IMF chief warns global economic growth to be weaker than anticipated
Big News Network.com Tuesday 1st September, 2015
"Overall, we expect global growth to remain moderate and likely weaker than we anticipated last July. This reflects two forces: a weaker than expected recovery in advanced economies, and a further slowdown in emerging economies, especially in Latin America," IMF chief Christine Lagarde said in a speech at the University of Indonesia.
"Asia as a region is still expected to lead global growth. But even here, the pace is turning out slower than expected with the risk that it may slow even further given the recent spike in global risk aversion and financial market volatility," she said.
The IMF cut its global economic forecasts in July to a growth of 3.3 percent in 2015, down from 3.4 percent in 2014. The projection compares with a 3.5 percent forecast made by the IMF back in April this year and 3.4 percent in July 2014. The next global health report is expected in October.
Besides the slowdown in pace of growth in developing economies, Largarde said there are other contributing factors for the lower growth projection including lower commodity prices which is going to adversely impact several developing economies.
"Commodity prices have come off their peak, and this decline is projected to persist," said the IMF chief, who is visiting Indonesia for the first time in three years. She warned that the trend is likely to see weaker demand for goods from emerging economies like Indonesia that "for some time to come".
"There is yet a third shiftunfolding in advanced economies. There are signs that the recovery is firming up in the United States, advancing the prospects of interest rate lift off. This could pose a risk for emerging economies, including Indonesia, in the form of weaker capital flows, higher interest rates, and financial volatility," Lagarde stated.
The changed outlook by IMF follows a sharp sell-off in China's stock market amid waning confidence about the country's economic outlook.
The IMF managing director sought to play down fears that China's authorities are out of policy moves to shore up their slowing economy while warning emerging economies like Indonesia to "be vigilant for spillovers" from China's slowdown.
"As the Chinese economy is adjusting to a new growth model, growth is slowingbut not sharply, and not unexpectedly. The transition to a more market-based economy and the unwinding of risks built up in recent years is complex and could well be somewhat bumpy. That said, the authorities have the policy tools and financial buffers to manage this transition," Lagarde stated.

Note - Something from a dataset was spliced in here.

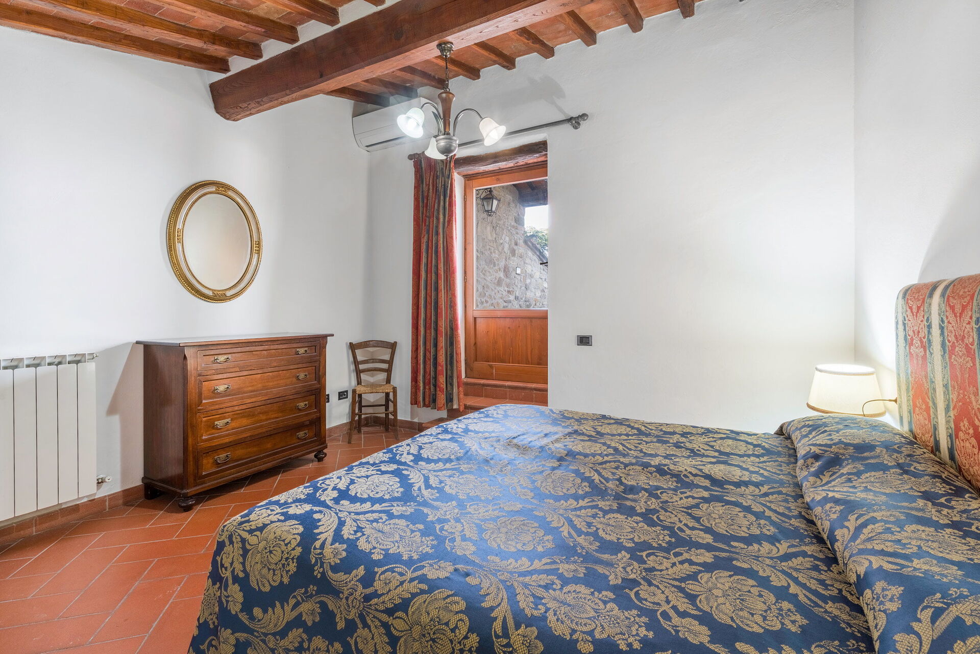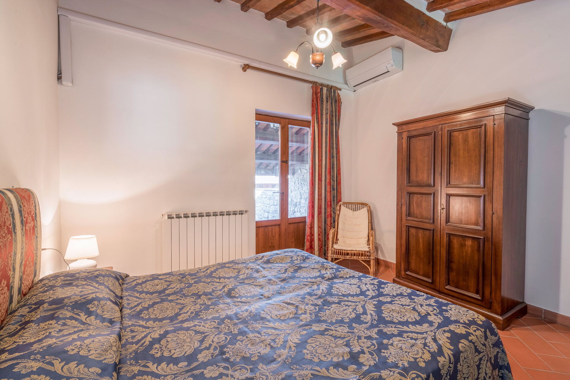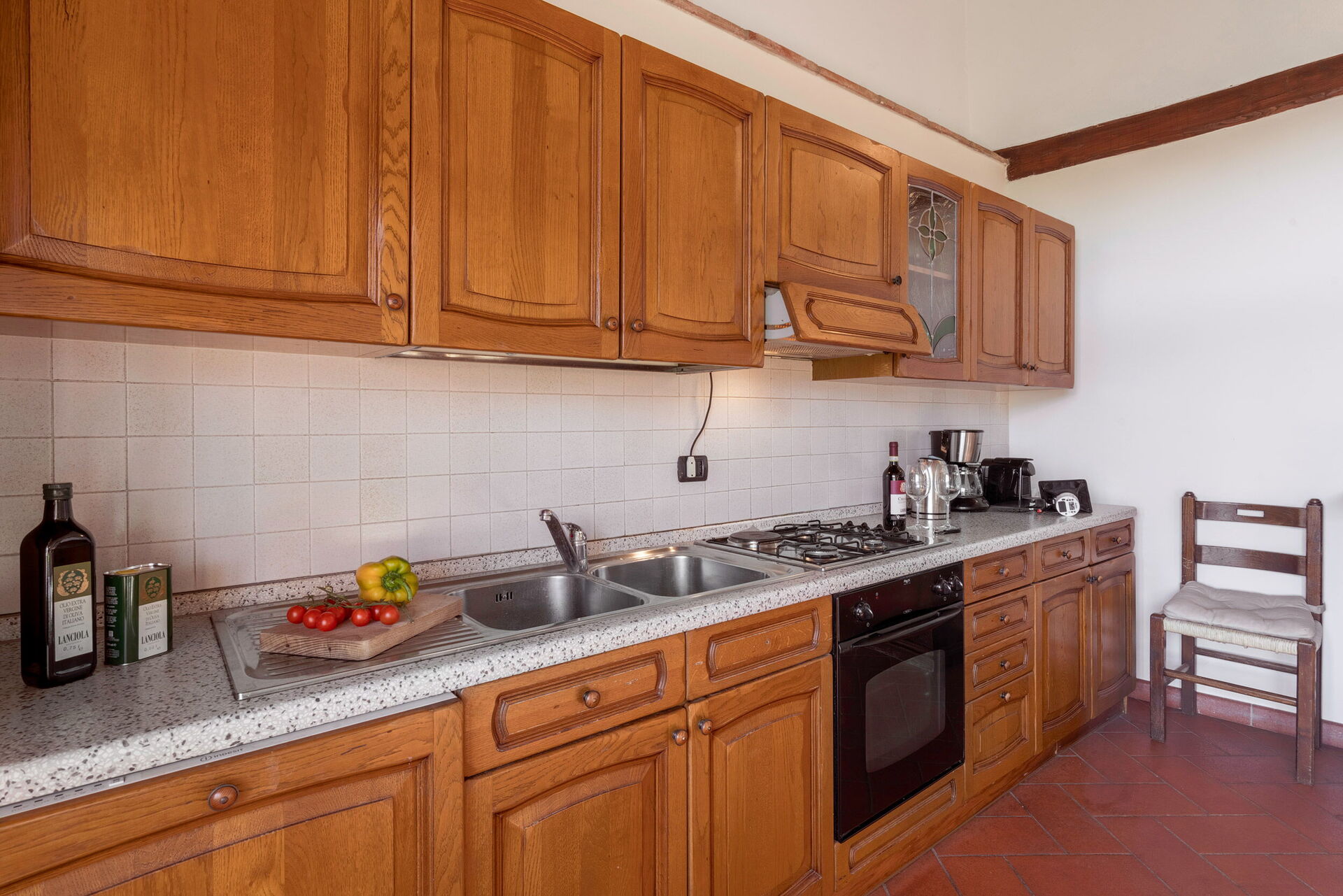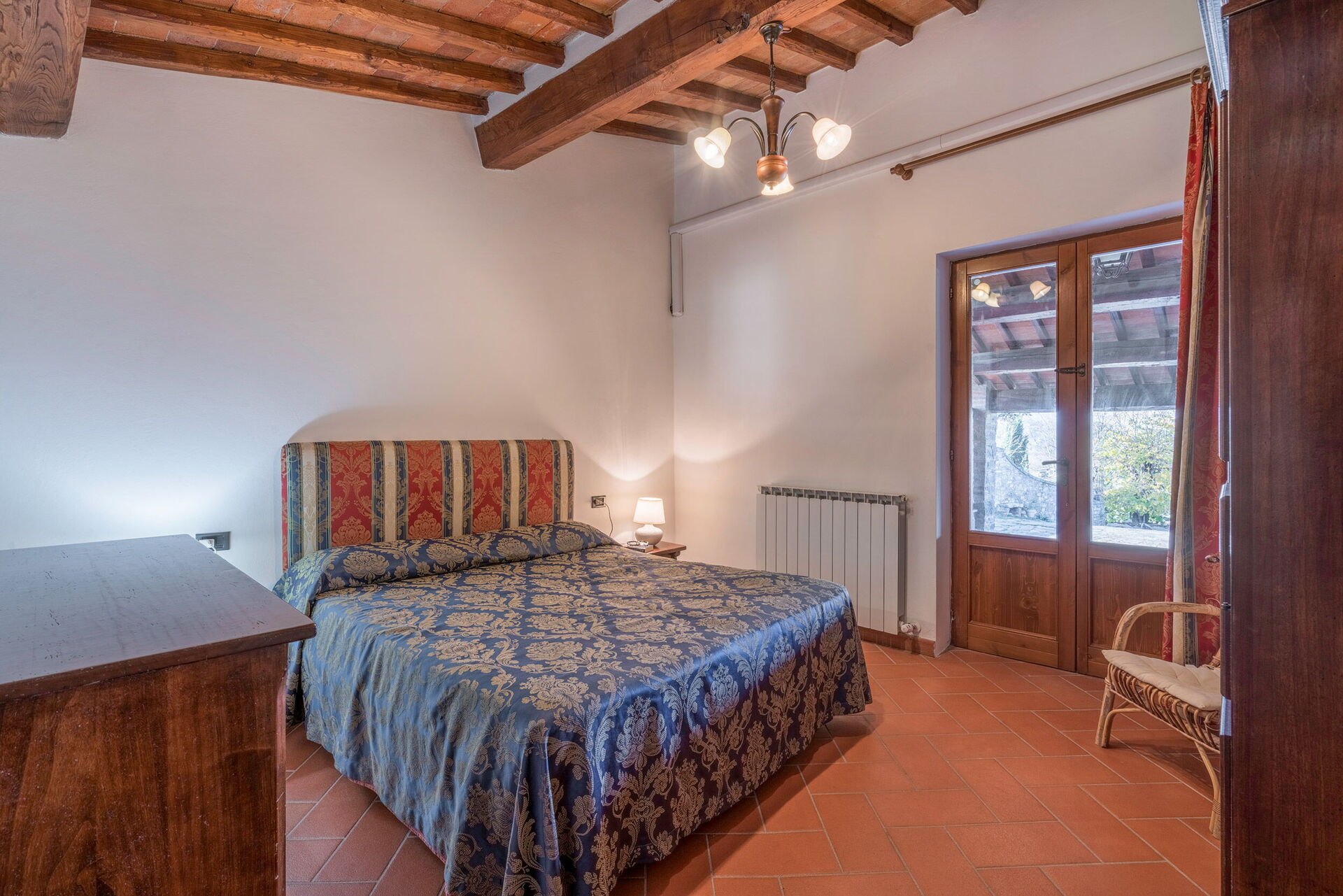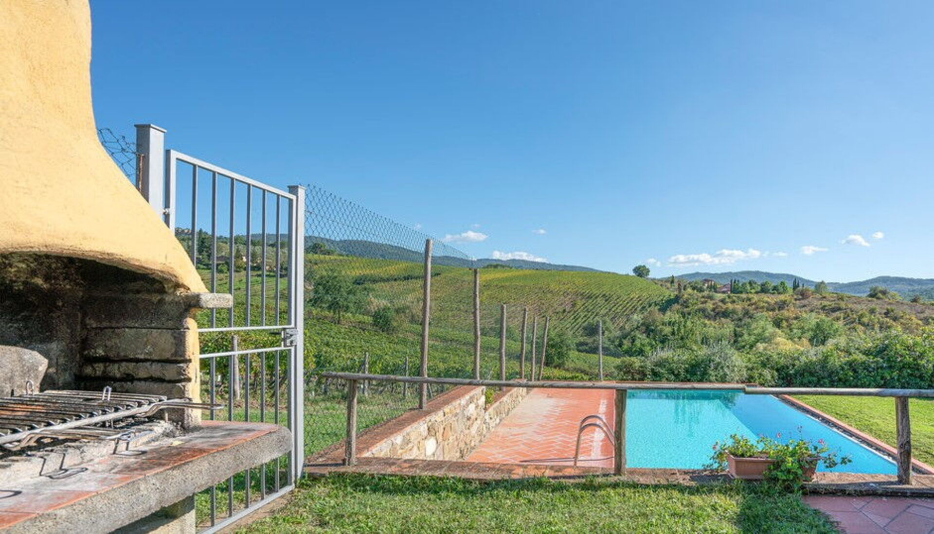 Outside, there is a private swimming pool measuring 6 x 3 metres and with a depth of 1.5 metres. The pool is open from 15 April to 31 October each year. A covered terrace adjoining the villa is furnished with a table and chairs for al fresco dining as well as a couple of comfortable armchairs. A built up BBQ sits just above this space. Six loungers are arranged both on the terrace by the pool and on the adjacent lawn. Both the pool and terrace enjoy wonderful views over the rolling hills and vineyards that characterise this region.

Fears of a slowing Chinese economy impacting neighbouring countries have led to a sharp weakening of their currencies. Lagarde sought to reassure Indonesia, Southeast Asia's largest economy, that it had the "right tools to actually react" to the global volatility.
"You have very sound public finances with overall government debt in the range of twentyish percent relative to GDP, you have a relatively small deficit," she said, ahead of her meeting with Indonesian President Joko Widodo.